As soon as I found out I was pregnant with our first, I joined a local Moms group on Facebook to see what kinds of things I should be thinking about. After a few weeks of reading comments about everything from breastfeeding versus bottle-feeding to co-sleeping versus sleep training, I was officially overwhelmed.
I saw pretty early on that when it comes to parenting, people have a lot of opinions. And there are some moms (and grandparents and in-laws) who have no problem shaming other moms for the choices they make, especially when it’s not something “they would have done.”
So when my husband and I started talking about whether I wanted to continue to work full time after the baby was born or stay at home, my first reaction (as a certified people-pleaser) was to be terrified of what others would think of whatever decision we made.
If I stayed at home, would people think I was wasting my education and throwing away the 10+ years I had spent building my career? But if I went back to work, would people say, “Why did she have kids if she’s just sending them off to daycare for someone else to raise?” (I actually heard a grandmother say this very thing when her daughter decided to go back to work full time and put her baby in daycare.)
Luckily, I have an awesome husband who helped me to see that there is no right or wrong answer to the staying at home versus working full time question. Rather, it was a matter of deciding what was right for our family, and we were the most qualified people to do that.
Where to Begin
First we prayed that the Lord would help us see what was best for our family. Then we got out a notebook and dove into the specifics of what was realistic for our situation. We created 4 columns — The Pros of Going Back to Work Full Time/The Cons of Going Back to Work Full Time/The Pros of Staying Home Full Time/The Cons of Staying Home Full Time — and we started filling them in.
One of the items in The Pros of Going Back to Work Full Time column was keeping my salary. Could we afford to live without it? (For a lot of families, the answer to this question is the deciding factor.)
In The Cons of Going Back to Work Full Time column we put the cost of childcare. Oftentimes, the cost of childcare exceeds a mother’s salary. So a question we had to ask ourselves was whether putting our baby in daycare (or hiring a nanny) was even financially viable. In our particular situation, my husband’s mother (who lives out of town) had offered to step in and provide full-time childcare, but we had to talk about boundary issues that arrangement might present.
In The Pros of Staying Home Full Time column, we added the quality time I would get with our baby and the chance to establish a solid routine with her.
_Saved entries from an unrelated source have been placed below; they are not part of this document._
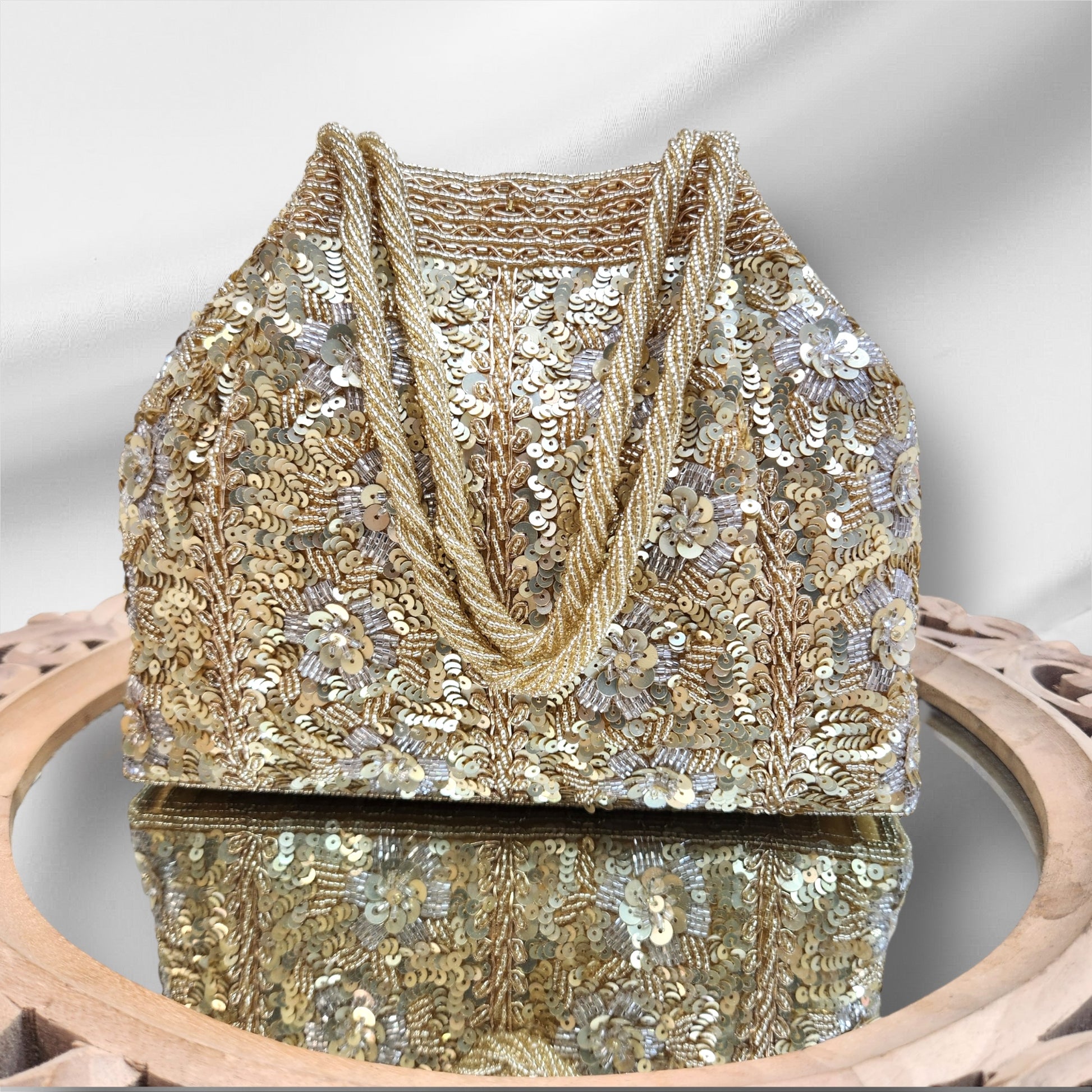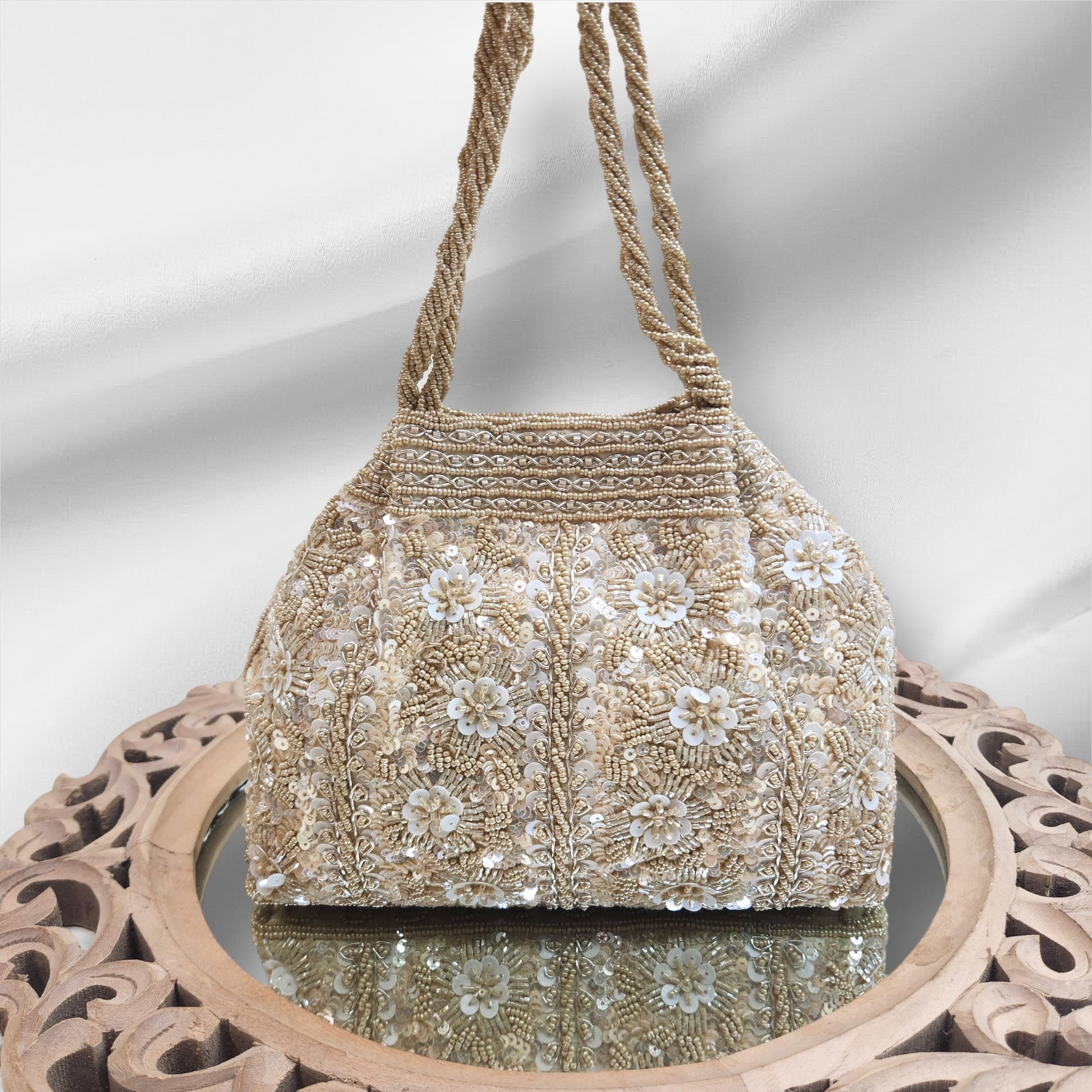 Exquisitely hand-embroidered with seed beads, sequins, and delicate floral motifs, this statement potli is a celebration of timeless Indian craftsmanship. Its structured silhouette, braided handle, and rich texture make it a perfect pick for weddings, sangeet nights, and festive occasions. Spacious yet elegant, it effortlessly complements both ethnic and fusion looks.
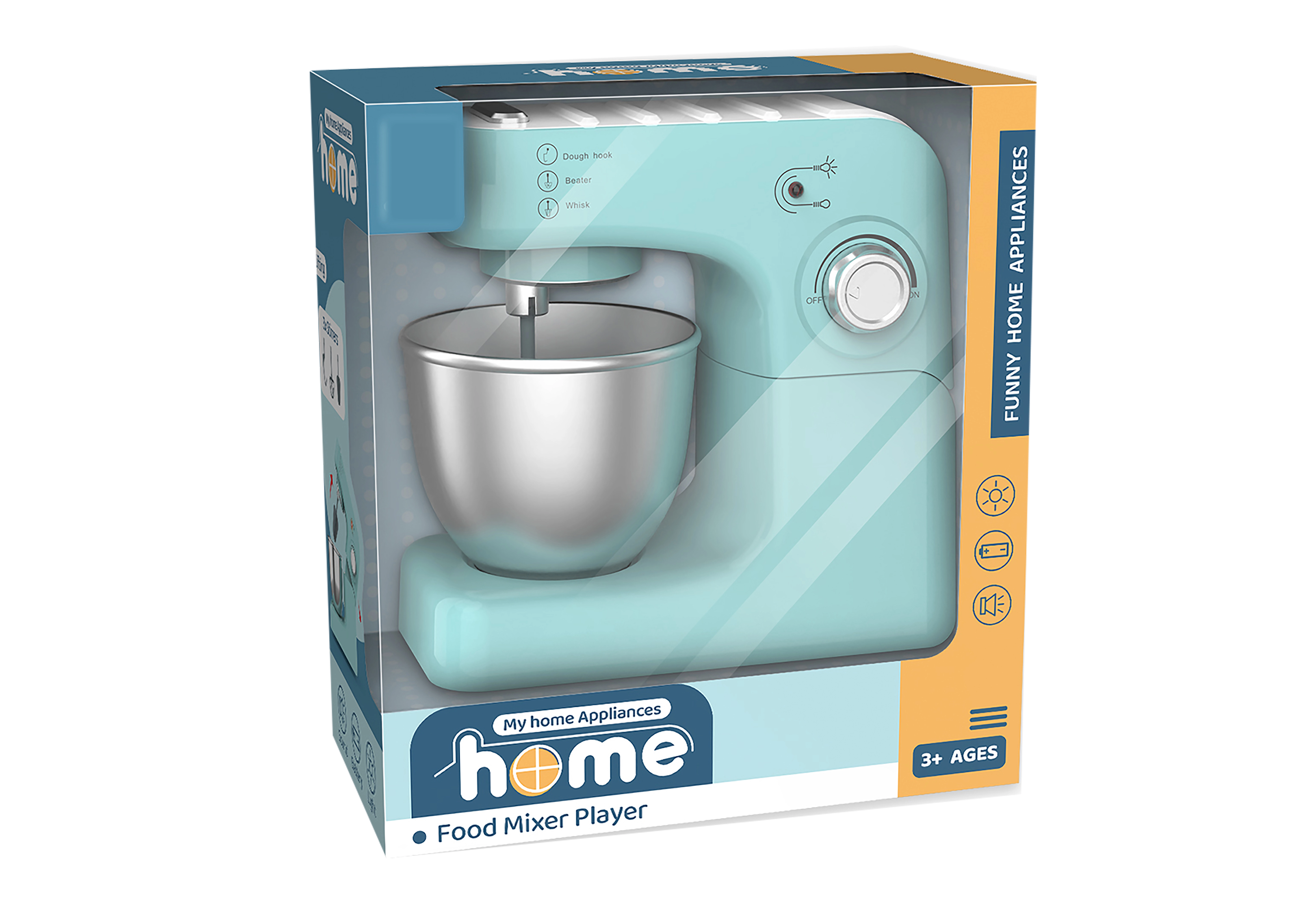 Denne køkkenmaskine til børn er en fantastisk gave til små madentusiaster og et perfekt tilbehør til ethvert børnekøkken. For at aktivere funktionerne skal du indsætte 2× AA-batterier (medfølger ikke i pakken).
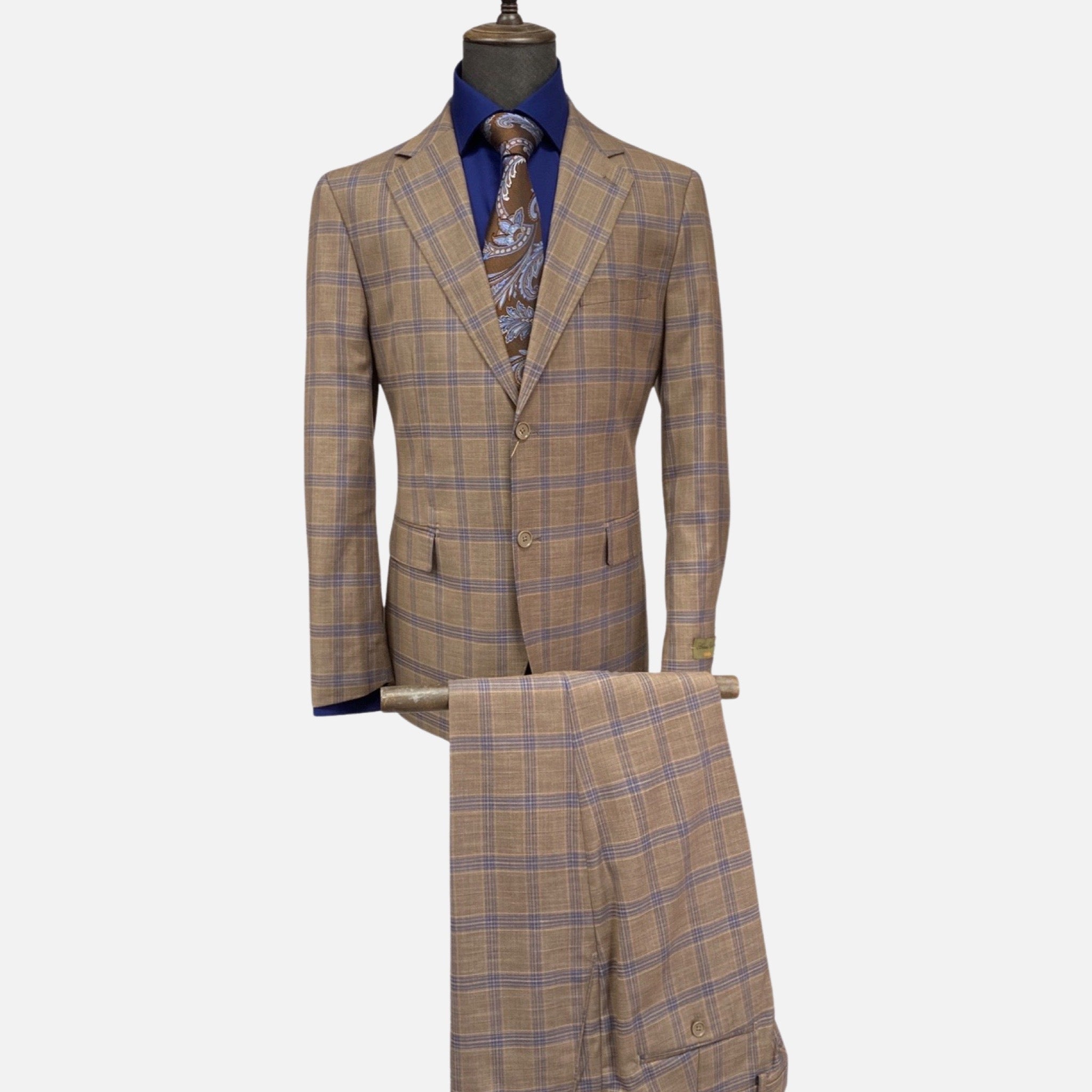 Brown Suit | Windowpane/plaid | Wool and Silk Blended.
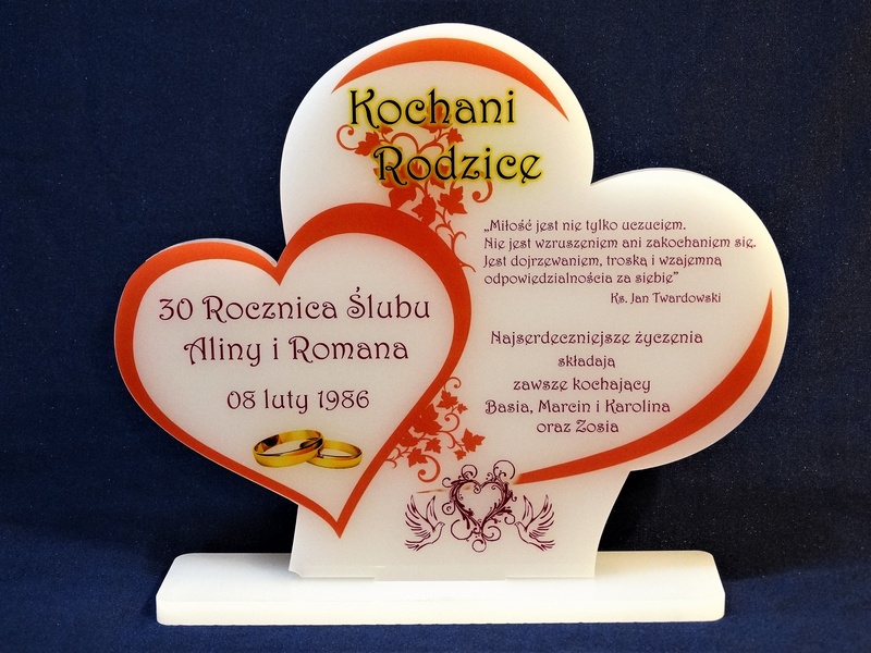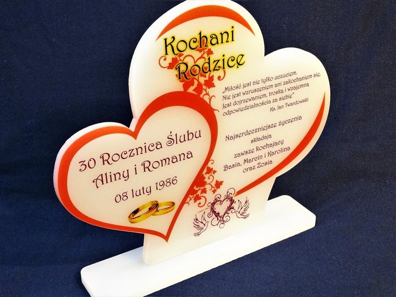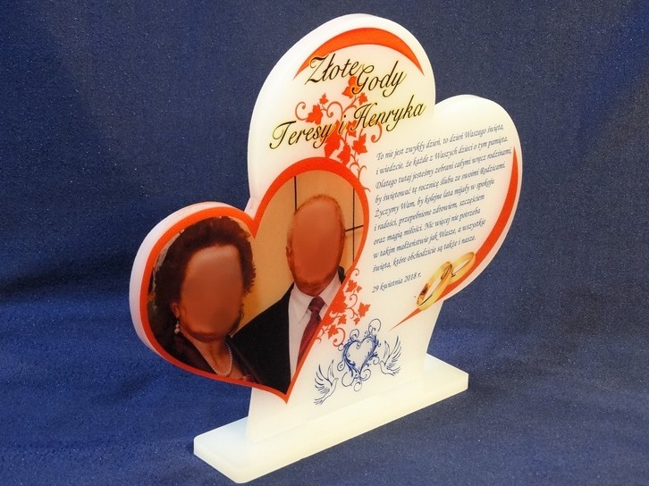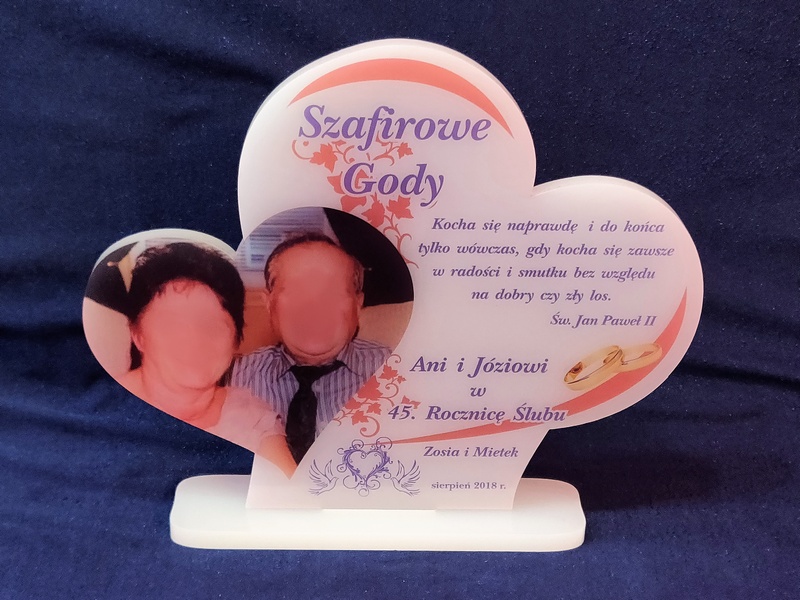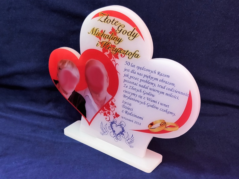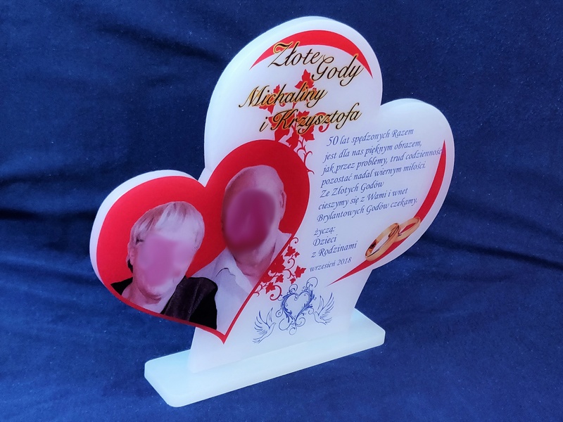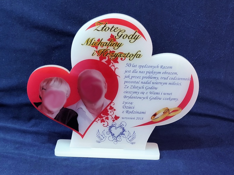 Statuetka z pleksi nadrukiem dedykacji, ozdobnych grafik i zdjęć na pamiątkę Rocznicy Ślubu w kształcie połączonych serc.
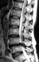 第4と第5腰椎の間で硬膜管が圧迫されている
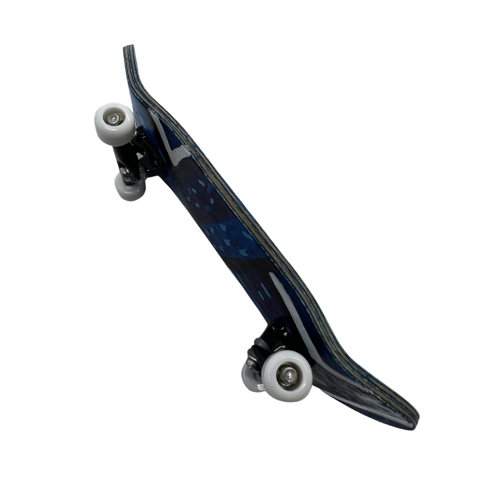 ‘Blue Dragon’ Artist Professional Handmade Fingerboard 34.5mm x 97mm complete with steel trucks and urethane bearing wheels and hand painted original design on deck.
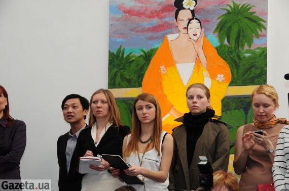 "У Москві дуже добре сприйняли його картини. Продаються як пиріжки. І дорого. Але скільки — не скажу. У них головне не техніка навіть, а динаміка. У кожній з картин є одна спільна деталь - маска принцеси. Тільки на одній — маска диявола. Це моя улюблена. Маю таку маску. З Японії привіз", - зауважив російський галерист Дмитро Ханкін.

In The Cons of Staying Home Full Time column I wrote the questions, “When we’re done having kids and they’re in school, will it be easy for me to jump back into the workforce? Or will my time at home make me less marketable to potential employers?” (I have to admit, this was a big fear of mine. Plus, I love working, so I had to honestly ask myself if I would be fulfilled staying at home.)
Other Factors to Consider
My husband and I also talked about friend circles I would develop if I stayed at home versus continued to work, how we would share the household responsibilities if I continued to work, and how we would we decide who would take the day off to care for the baby in the case that she got sick at daycare or the nanny called in sick. (My husband travels quite a bit, so the majority of this responsibility would be mine, which was something to consider. Would my job be flexible enough to allow this?)
As you can probably tell by now, I’m not going to tell you what you should do, because I don’t know. Contrary to what many believe, God may have designed one mom to work outside the home full time and another to work inside the home full time. I have friends who wanted so badly to be stay at home moms, and God provided a way for them to do that. I have other friends and coworkers — very godly women, by the way — who told me they were better wives and moms when they worked outside the home, and God provided a way for them to do that too.
To those of you who may be in a season of deciding where God wants you — at home or outside the home — don’t let the fear of others’ opinions cloud what you and your spouse decide is best for your family. God has entrusted this child to you, and He will give you wisdom for the road ahead. Seek the Lord, talk to your spouse, and determine what is and isn’t possible — practically speaking — for this next season of life. And then, with God’s help, make the best decision with the knowledge you have.